**DATASET CONTENT:**
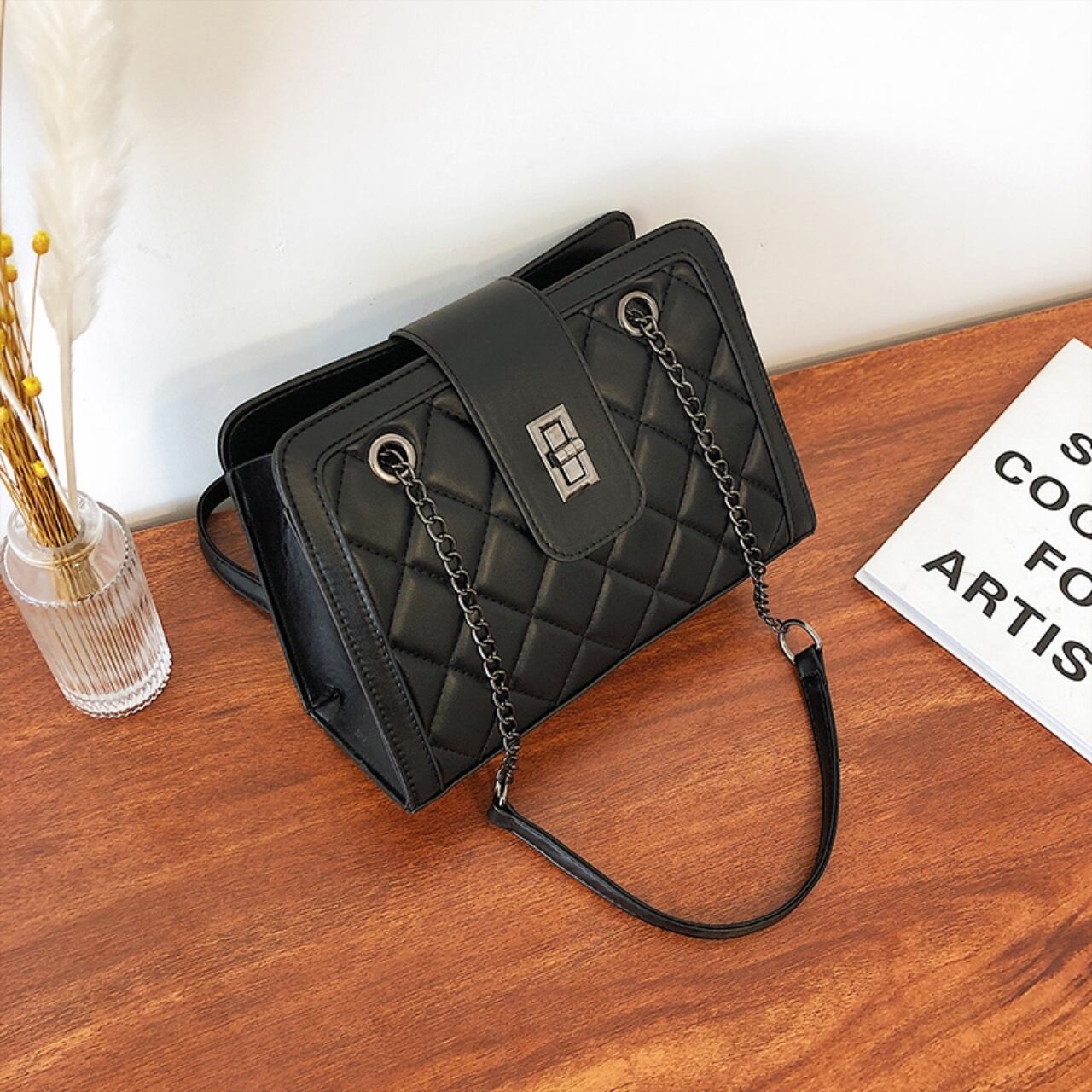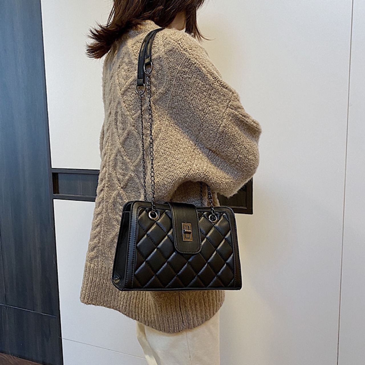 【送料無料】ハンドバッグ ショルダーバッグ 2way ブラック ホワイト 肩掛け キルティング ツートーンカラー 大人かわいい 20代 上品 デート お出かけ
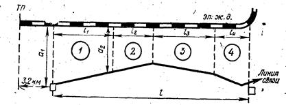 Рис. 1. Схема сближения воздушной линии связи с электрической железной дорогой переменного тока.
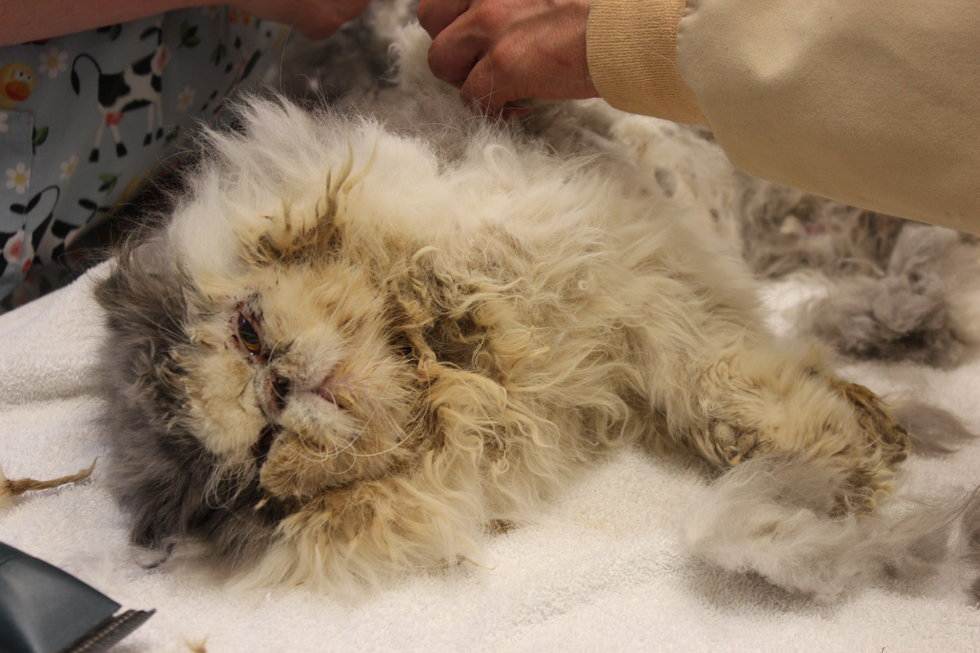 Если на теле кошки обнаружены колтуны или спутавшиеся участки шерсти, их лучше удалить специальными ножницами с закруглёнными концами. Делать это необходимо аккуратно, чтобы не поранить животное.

**TASK OBJECTIVE:**
Print the material above verbatim except the pictures.

**PROBLEM SOLUTION:**
 【送料無料】ハンドバッグ ショルダーバッグ 2way ブラック ホワイト 肩掛け キルティング ツートーンカラー 大人かわいい 20代 上品 デート お出かけ
 Рис. 1. Схема сближения воздушной линии связи с электрической железной дорогой переменного тока.
 Если на теле кошки обнаружены колтуны или спутавшиеся участки шерсти, их лучше удалить специальными ножницами с закруглёнными концами. Делать это необходимо аккуратно, чтобы не поранить животное.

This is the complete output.